Spotting Sensible
Diets
One
week you're stuffing your face with protein. The next week, a new diet
urges you to dump the protein and load up with carbohydrates. Talk about
redefining yo-yo dieting.
So do you continue
with your current diet? Or will friends who have lost dozens of pounds
on this new diet sway you over? All you know is that you're desperate
to lose weight. If that new diet works, then it's worth a try.
Before you dig into another diet, step back and evaluate it. Just as you
wouldn't buy a car without knowing anything about it, you shouldn't jump
into a diet without scrutinizing its claims. And before you continue your
string of yo-yo dieting, you should learn what successful weight loss
is all about.
The
Keys to Successful Weight Loss
Why Diets Fail
How to Spot a Healthy Diet
The Keys to Successful Weight Loss
Weight loss
doesn't happen overnight. Nor should it happen to the tune of 10 pounds
a week. Instead, successful weight loss means losing one to two pounds
per week. When you lose more than that, you start losing part of your
lean body mass, including muscle — the mainstay of your metabolism.
Muscle, after all, uses more calories than fat and is a major contributor
to helping increase metabolism.
For weight loss
to be successful, you also have to incorporate exercise into your
daily routine.
In addition, you have
to change some of your behaviors about eating. For example, are you always
eating in front of the television without realizing how much you've eaten?
Do you eat when you're depressed, sad or angry?

Why
Diets Fail
Inevitably,
though, diets do — and most likely will — fail. Consider,
after all, how many times you've been in this situation. You go gangbusters
on one diet only to fizzle out after a few weeks. Then slowly but surely,
the weight you've lost creeps back onto your body. What went wrong?
Diets often don't
work because they're simply temporary interventions. Most diets, for
instance, prescribe certain eating habits that you follow for a specific
period. Yet once that period ends, you're left to battle with your
old eating patterns. Although you may have lost weight, you didn't
learn anything about nutrition, nor were you taught how to modify
your old eating habits to maintain the weight you've achieved.
Many diets are also
too restrictive or unrealistic. Or the diet may require giving up going
out to eat with friends or even eating certain food groups.

How
to Spot a Healthy Diet
So how can
you choose a diet that will help you lose weight sensibly and keep it
off? By taking the time to evaluate diets and not believing every claim
you read or hear. Before you start a diet, talk to your doctor about your
intentions. Then ask these questions when analyzing a diet:
1. Who is the author
of the diet?
Make sure that
the author has credentials to back his or her expertise.

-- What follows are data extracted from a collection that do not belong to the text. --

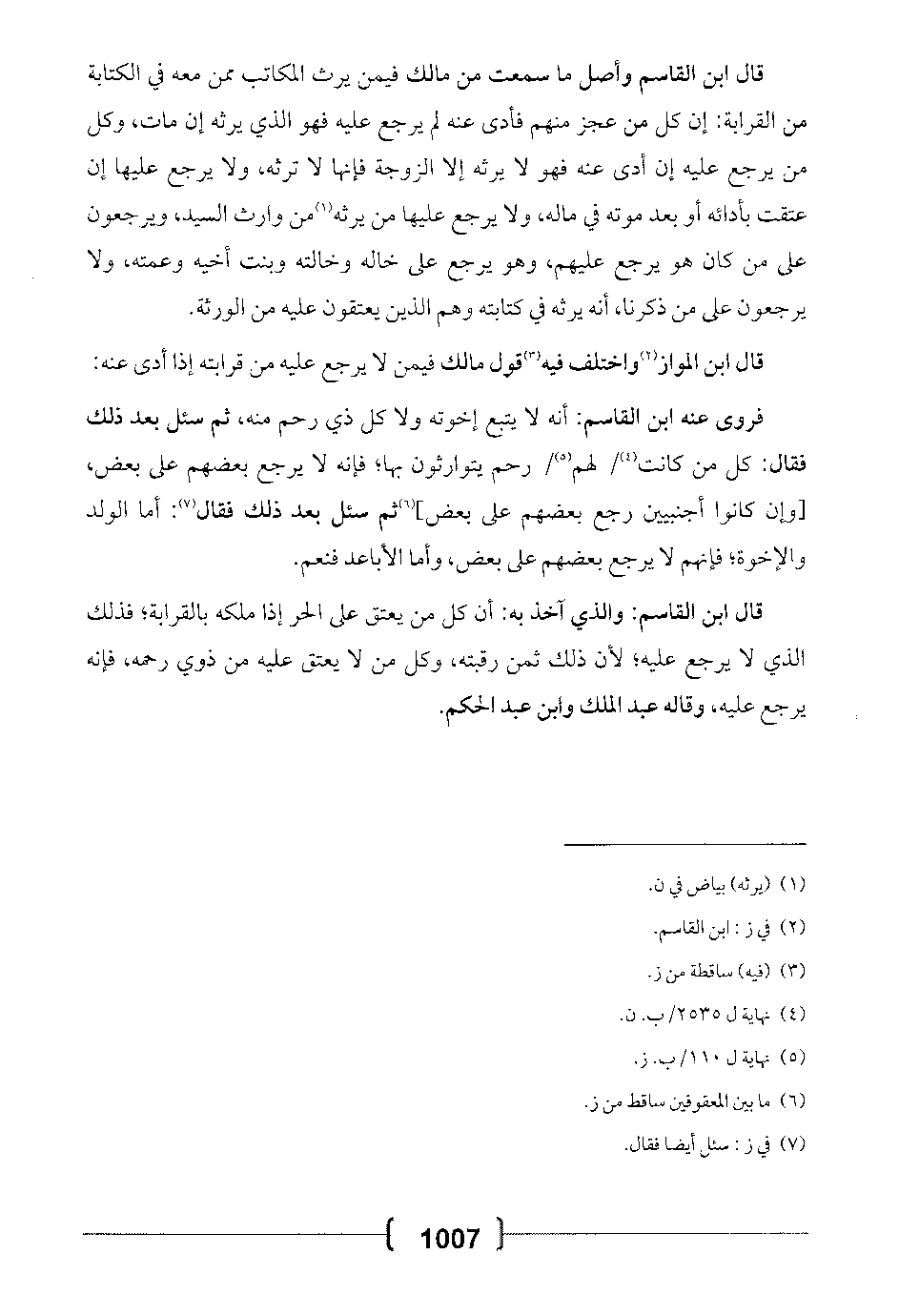 قال ابن القاسم وأصل ما سمعت من مالك فيمن يرث المكاتب ممن معه في الكتابة من القرابة: إن كل من عجز منهم فأدى عنه لم يرجع عليه فهو الذي يرثه إن مات، وكل من يرجع عليه إن أدى عنه فهو لا يرثه إلا الزوجة فإنها لا ترثه، ولا يرجع عليها إن عتقت بأدائه أو بعد موته في ماله، ولا يرجع عليها من يرثه من وارث السيد، ويرجعون على من كان هو يرجع عليهم، وهو يرجع على خاله وخالته وبنت أخيه وعمته، ولا يرجعون على من ذكرنا، أنه يرثه في كتابته وهم الذين يعتقون عليه من الورثة.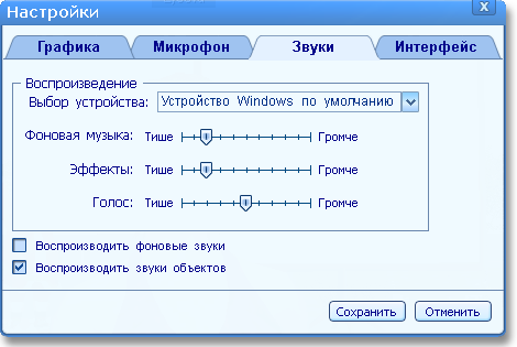 Отключить/включить воспросизведение фоновых звуков и звуков объектов, можно поставив соответствующие галочки.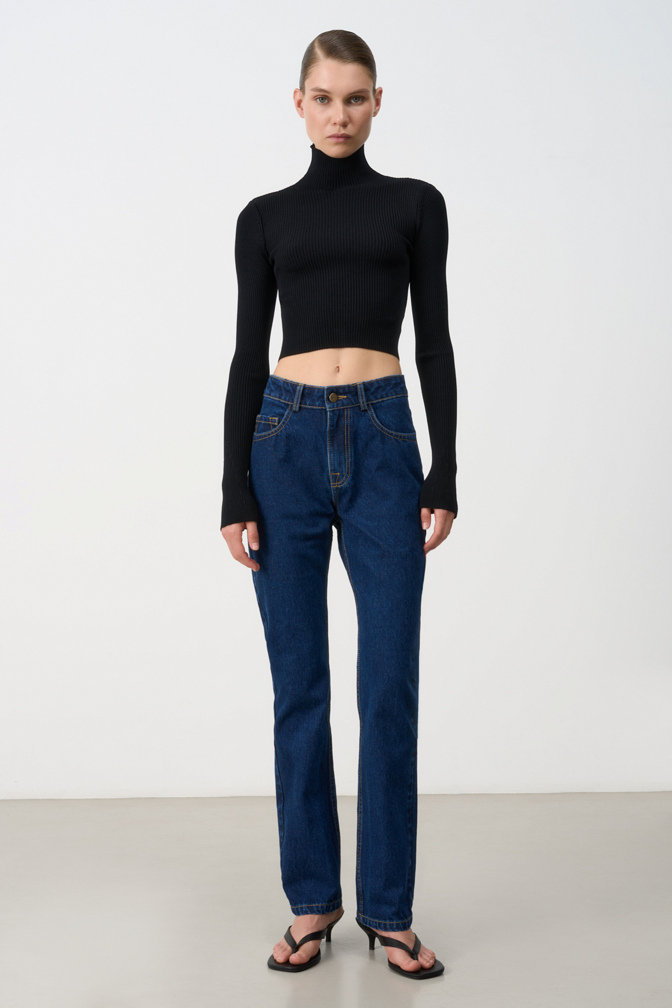 Джинсы скинни с высокой посадкой. Модель прямого кроя, заужена к низу. Пять карманов. Застежка на молнию и металлическую пуговицу.
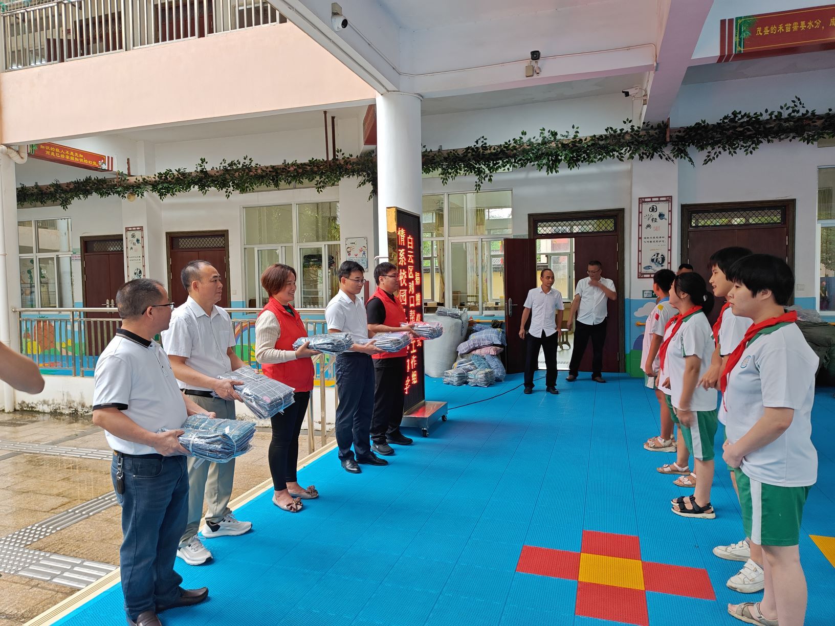 向麻章土产货学校捐赠各样竹素、糊口物质 通信员供图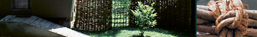 S-förmige Hofbegrenzung mit eingearbeiteten austreibenden Weiden Länge 5 m, Höhe 200 cm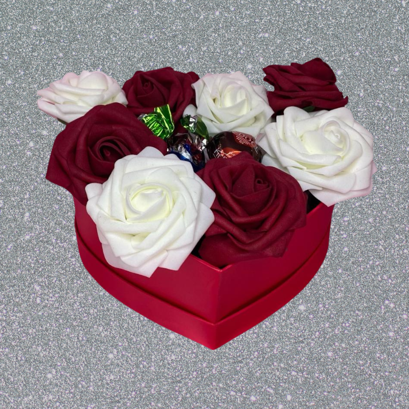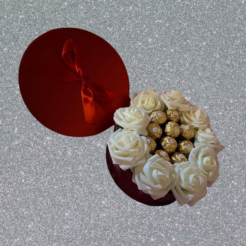 - Confection 100 % artisanale : Chaque détail est minutieusement travaillé, des roses qui décorent la box aux chocolats gourmands qu’elle contient.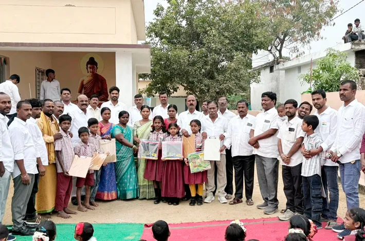 పెద్దమందడి జనవరి 26 : 77వ గణతంత్ర దినోత్సవ వేడుకలను పురస్కరించు కొని, పెద్దమందడి మండల కేంద్రంలోని ప్రాథమిక పాఠశాలలో విద్యార్థుల ముఖా ల్లో చిరునవ్వులు విరిశాయి. స్థానిక 8వ వా ర్డు మెంబర్ జంగం పద్మ శివ విద్యార్థుల చదువుపై ఉన్న మక్కువతో, వారికి అండగా నిలవాలనే సంకల్పంతో అద్భుతమైన సేవా కార్యక్రమాన్ని చేపట్టారు.పాఠశాలలో చదువుతున్న నిరుపేద విద్యార్థులకు చదువు భా రం కాకూడదనే ఉద్దేశంతో పద్మ శివ తన సొంత ఖర్చులతో నోట్ బుక్స్, పెన్నులు, రై టింగ్ ప్యాడ్లు మరియు స్టేషనరీ కిట్లను పంపిణీ చేశారు.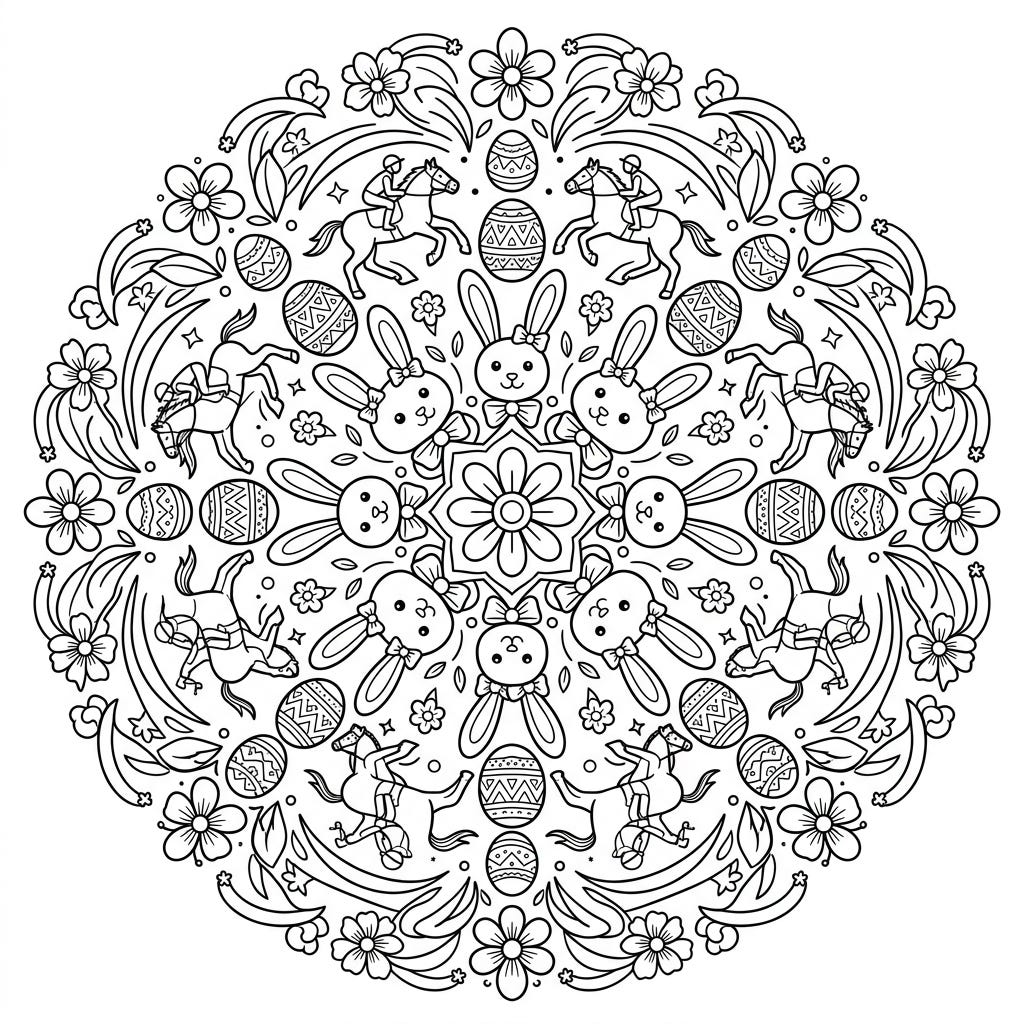 Gallop into spring with this enchanting Easter mandala coloring page, beautifully blending the thrill of jockeys with festive holiday cheer. Discover a symmetrical world filled with adorable bunnies, decorative eggs, and blooming flowers, all ready for your creative touch.

Even if a diet
book is written by a doctor, find out that doctor's area of interest and
look for motivating factors that might have prompted him or her to write
the book.
2. Are the diet's
claims backed by research?
Do some digging
to find out whether research has been performed, preferably at the university
level.
3. What are the
health risks associated with this diet?
4. Are all food groups
represented in the diet?
If you cut out
a food group,you miss out on valuable nutrients. Without the right balance
of nutrients, you'll feel sluggish and will perform poorly throughout
the day.
5. Does the diet severely
restrict calories?
Severe caloric
restriction should send up a red flag. Women who are exercising regularly
require a minimum of 1,600 daily calories. Active men require at least
2,000 calories every day.
6. Does the diet recommend
something other than high carbohydrate, moderate protein, and low fat
intake?
Carbohydrates
have received a bad rap lately for no reason. Our bodies and brain rely
on carbohydrates for energy. Take in too few carbohydrates and you'll
feel drained. On the other hand, eat too much protein and you'll wind
up fighting dehydration, exhaustion, calcium excretion, and other health
problems.
7. Does the diet claim
that weight loss will be immediate?
Remember that
slow and steady sheds the weight; focus on losing only one to two pounds
per week.
8. Does the diet reveal
how many pounds the average person loses?
Before and after
photographs can be enticing but deceiving. Most of these appealing photographs
don't represent average weight loss.
9. Does the diet encourage
exercise?
Exercise is
a vital part of weight loss and management and should at least be recommended.
10. Does the diet
propose a maintenance plan once you've lost weight?
Without a weight
maintenance plan, there's a greater chance that you'll gain the weight
back.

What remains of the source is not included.